_Activity_. When the line with "除此之外,新世界耀胜尊府尊梯" turns up below, begin repeating exactly, and carry on through the line with "Een praktisch en"; no pictures go into the copy.

_Data for the task_.

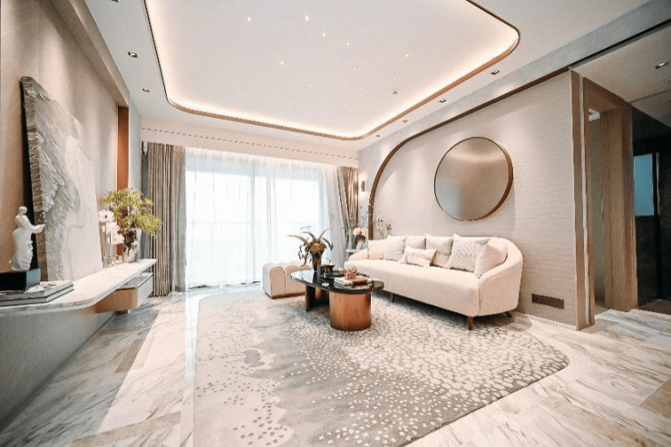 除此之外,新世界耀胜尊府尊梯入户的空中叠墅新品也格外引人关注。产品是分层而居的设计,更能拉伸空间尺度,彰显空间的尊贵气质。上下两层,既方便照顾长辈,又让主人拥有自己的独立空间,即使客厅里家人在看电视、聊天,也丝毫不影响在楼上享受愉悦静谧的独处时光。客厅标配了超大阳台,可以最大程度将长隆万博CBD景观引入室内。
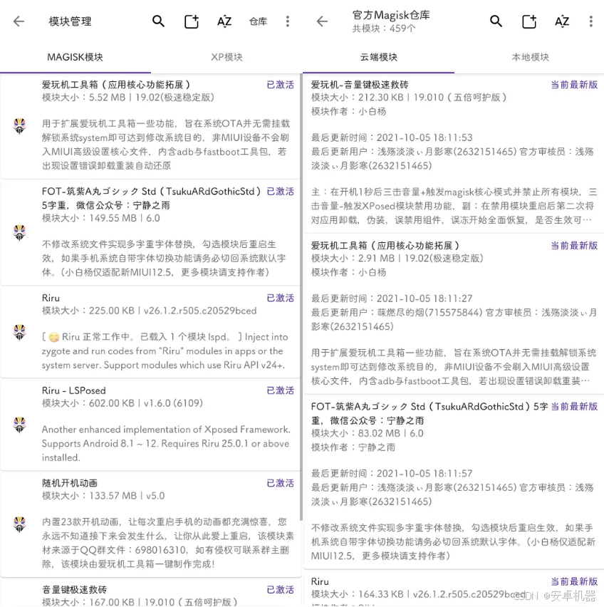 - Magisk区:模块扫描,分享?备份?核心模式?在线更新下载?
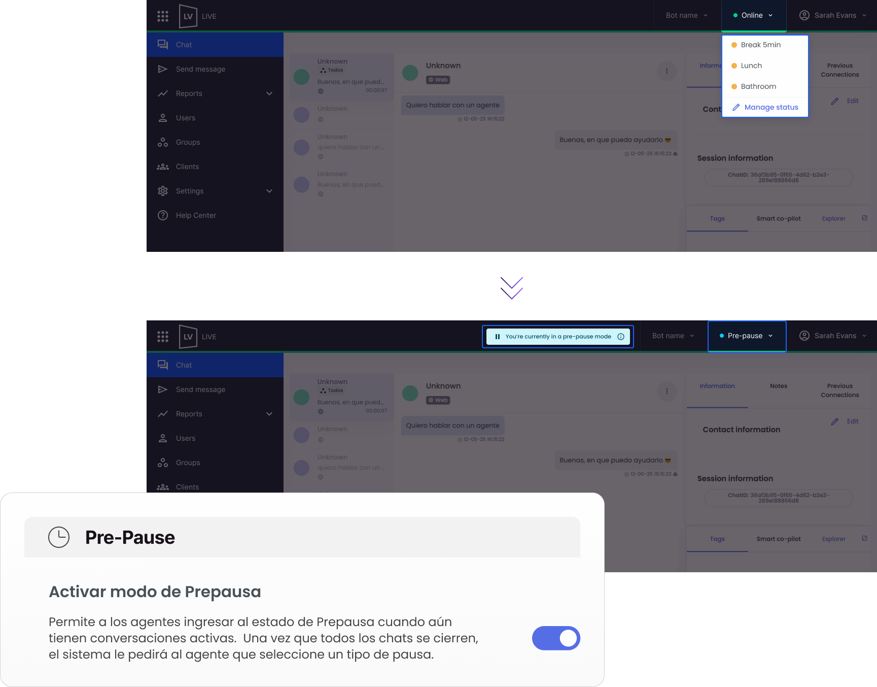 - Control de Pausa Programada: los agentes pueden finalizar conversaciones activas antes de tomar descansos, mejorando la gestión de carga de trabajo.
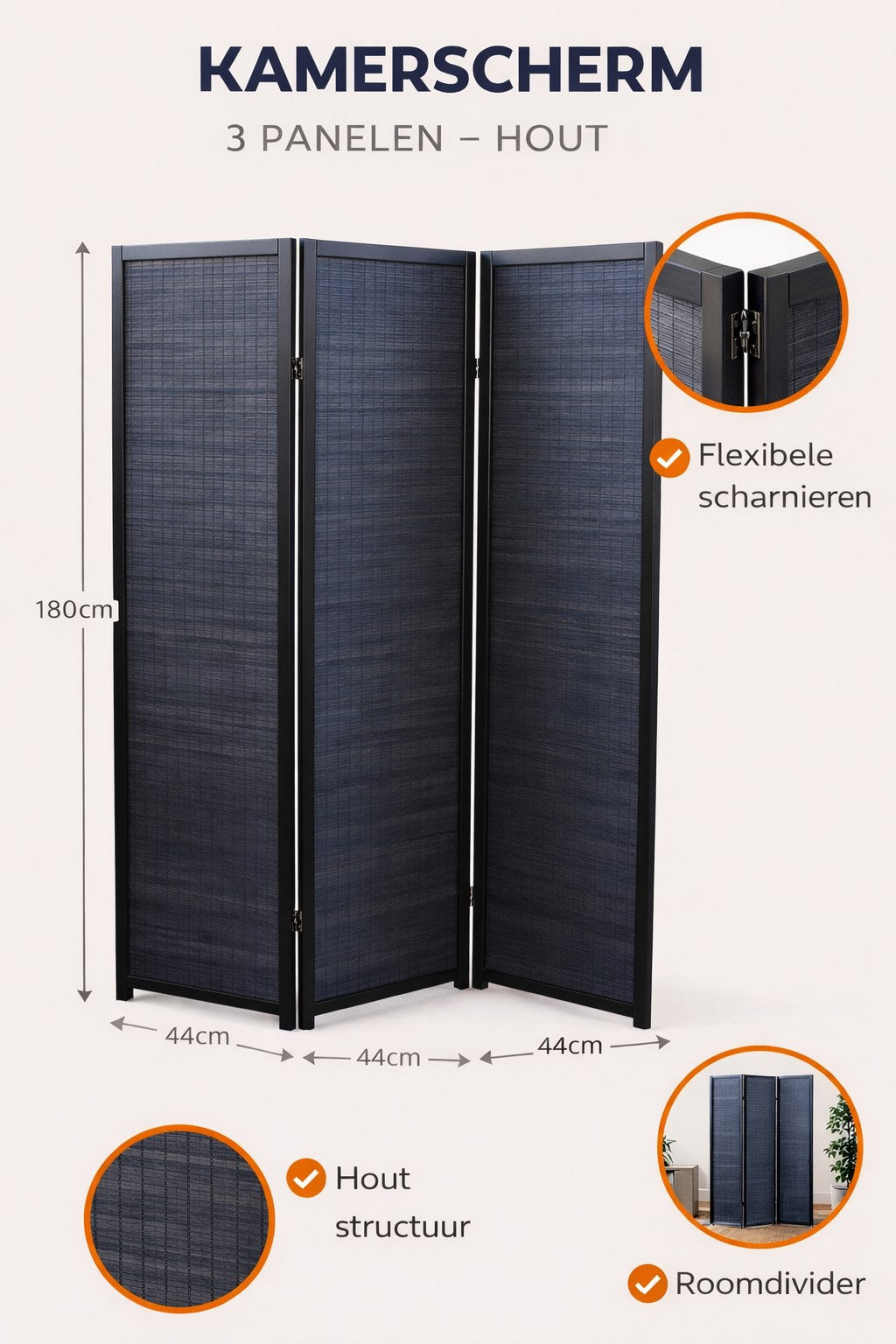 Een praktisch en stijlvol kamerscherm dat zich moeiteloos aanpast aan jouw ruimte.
==
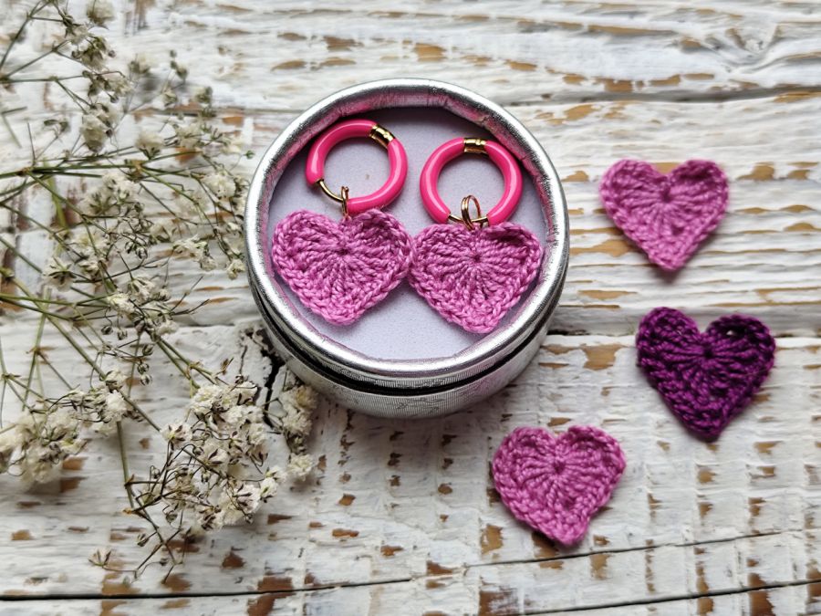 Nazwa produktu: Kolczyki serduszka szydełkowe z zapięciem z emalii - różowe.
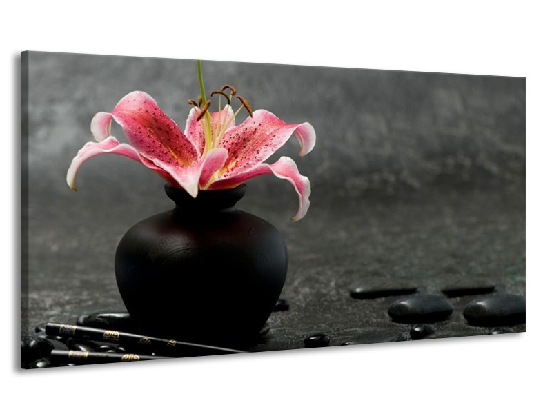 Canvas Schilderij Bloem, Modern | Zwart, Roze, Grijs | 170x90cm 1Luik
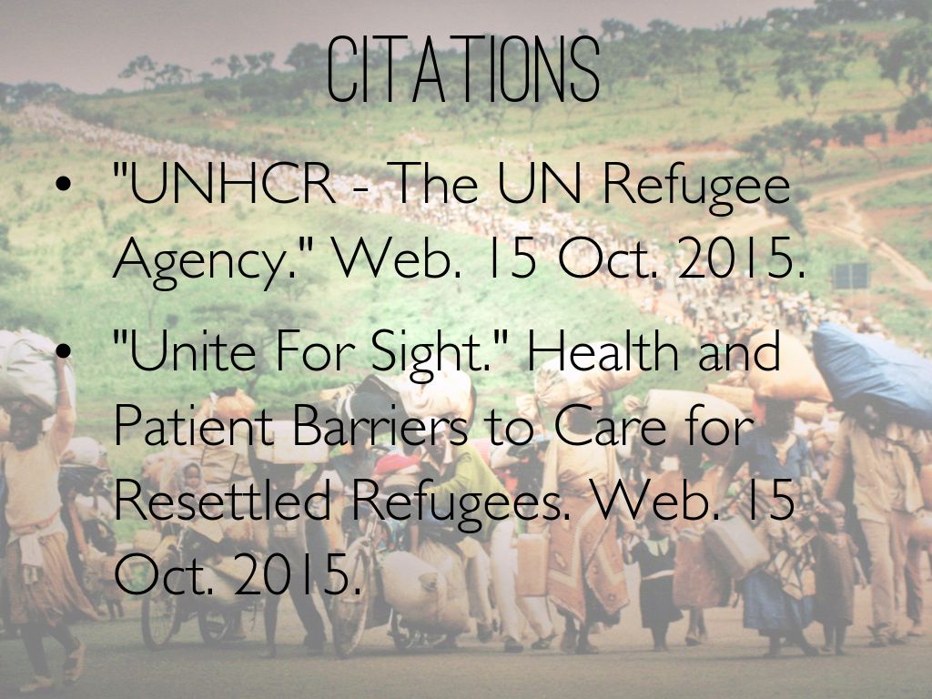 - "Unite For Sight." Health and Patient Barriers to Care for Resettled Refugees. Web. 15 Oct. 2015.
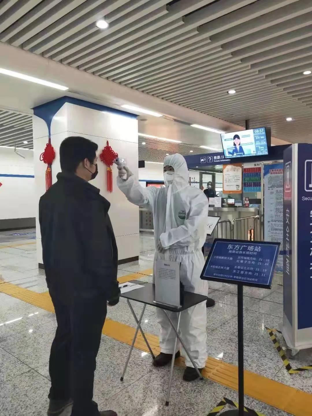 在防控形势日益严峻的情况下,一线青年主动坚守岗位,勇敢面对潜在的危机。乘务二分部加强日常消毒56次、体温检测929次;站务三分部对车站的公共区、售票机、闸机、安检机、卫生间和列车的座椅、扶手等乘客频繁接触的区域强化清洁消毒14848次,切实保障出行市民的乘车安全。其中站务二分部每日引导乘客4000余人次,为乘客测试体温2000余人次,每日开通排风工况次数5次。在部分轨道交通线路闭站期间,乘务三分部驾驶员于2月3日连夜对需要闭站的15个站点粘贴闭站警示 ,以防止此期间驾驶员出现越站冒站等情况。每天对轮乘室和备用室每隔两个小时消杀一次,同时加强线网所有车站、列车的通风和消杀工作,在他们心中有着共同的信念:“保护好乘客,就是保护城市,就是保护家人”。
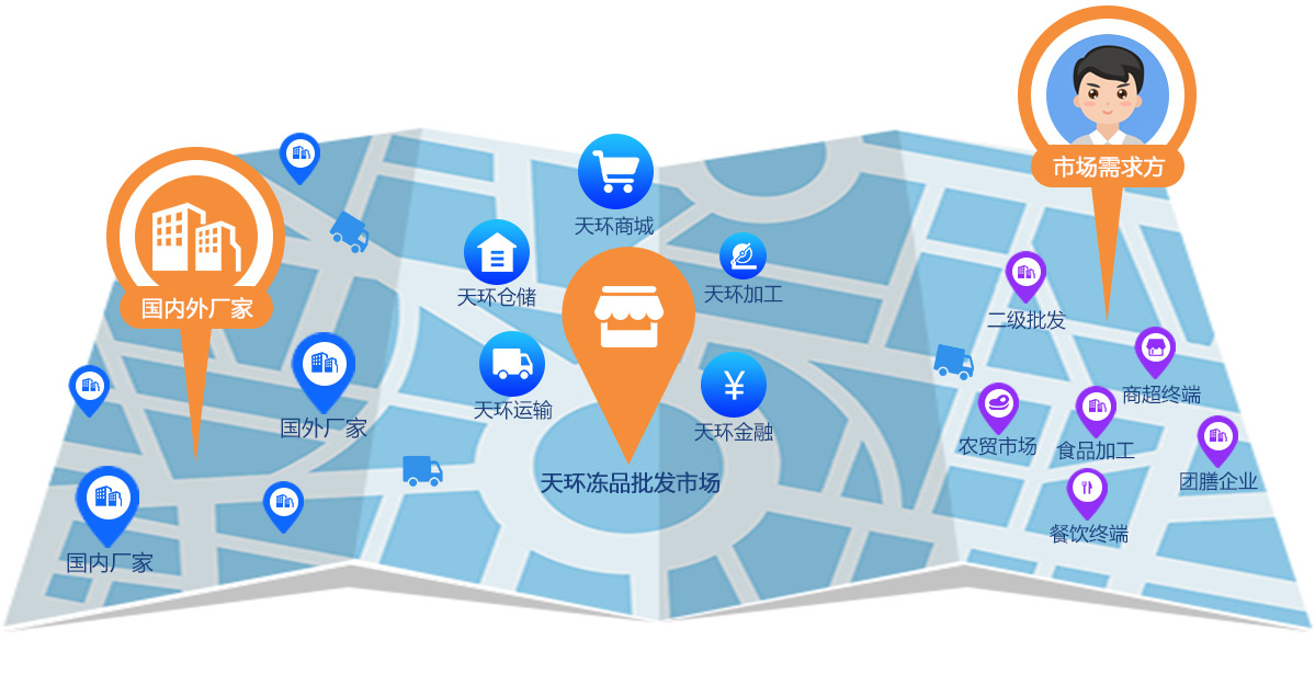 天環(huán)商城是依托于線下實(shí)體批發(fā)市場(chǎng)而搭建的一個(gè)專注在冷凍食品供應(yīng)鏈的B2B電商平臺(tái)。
...
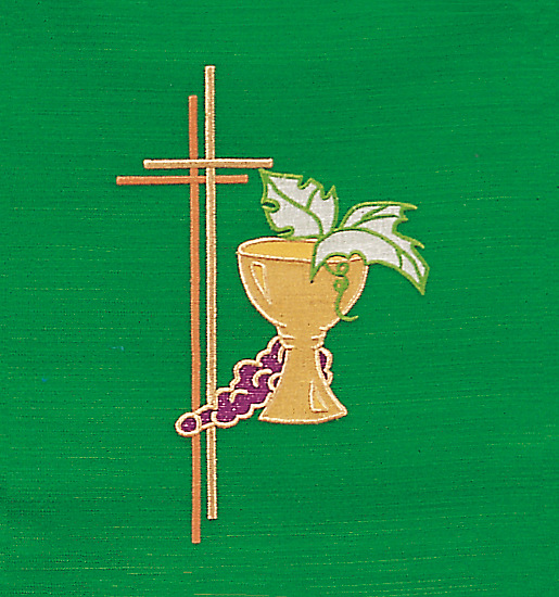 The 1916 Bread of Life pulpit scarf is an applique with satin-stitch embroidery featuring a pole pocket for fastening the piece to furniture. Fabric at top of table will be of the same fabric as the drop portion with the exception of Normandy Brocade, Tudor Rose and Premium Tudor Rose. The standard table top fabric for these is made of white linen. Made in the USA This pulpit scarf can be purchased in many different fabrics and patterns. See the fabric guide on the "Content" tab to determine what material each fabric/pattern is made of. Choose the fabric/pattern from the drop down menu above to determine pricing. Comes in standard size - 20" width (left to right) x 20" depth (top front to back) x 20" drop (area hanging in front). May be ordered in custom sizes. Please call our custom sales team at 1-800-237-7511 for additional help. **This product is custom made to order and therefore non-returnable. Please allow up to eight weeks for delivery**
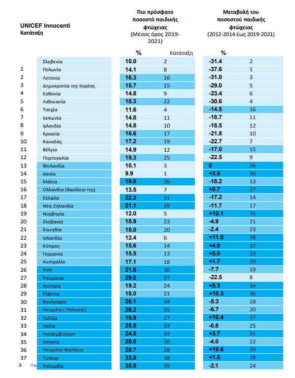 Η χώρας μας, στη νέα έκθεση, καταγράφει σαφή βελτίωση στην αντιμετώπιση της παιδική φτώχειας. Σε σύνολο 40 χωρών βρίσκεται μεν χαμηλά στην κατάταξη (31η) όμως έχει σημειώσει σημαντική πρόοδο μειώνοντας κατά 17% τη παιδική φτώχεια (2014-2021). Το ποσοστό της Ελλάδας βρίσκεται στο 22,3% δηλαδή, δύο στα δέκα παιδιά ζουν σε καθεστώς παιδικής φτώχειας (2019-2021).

_Expected answer_.
 除此之外,新世界耀胜尊府尊梯入户的空中叠墅新品也格外引人关注。产品是分层而居的设计,更能拉伸空间尺度,彰显空间的尊贵气质。上下两层,既方便照顾长辈,又让主人拥有自己的独立空间,即使客厅里家人在看电视、聊天,也丝毫不影响在楼上享受愉悦静谧的独处时光。客厅标配了超大阳台,可以最大程度将长隆万博CBD景观引入室内。
 - Magisk区:模块扫描,分享?备份?核心模式?在线更新下载?
 - Control de Pausa Programada: los agentes pueden finalizar conversaciones activas antes de tomar descansos, mejorando la gestión de carga de trabajo.
 Een praktisch en stijlvol kamerscherm dat zich moeiteloos aanpast aan jouw ruimte.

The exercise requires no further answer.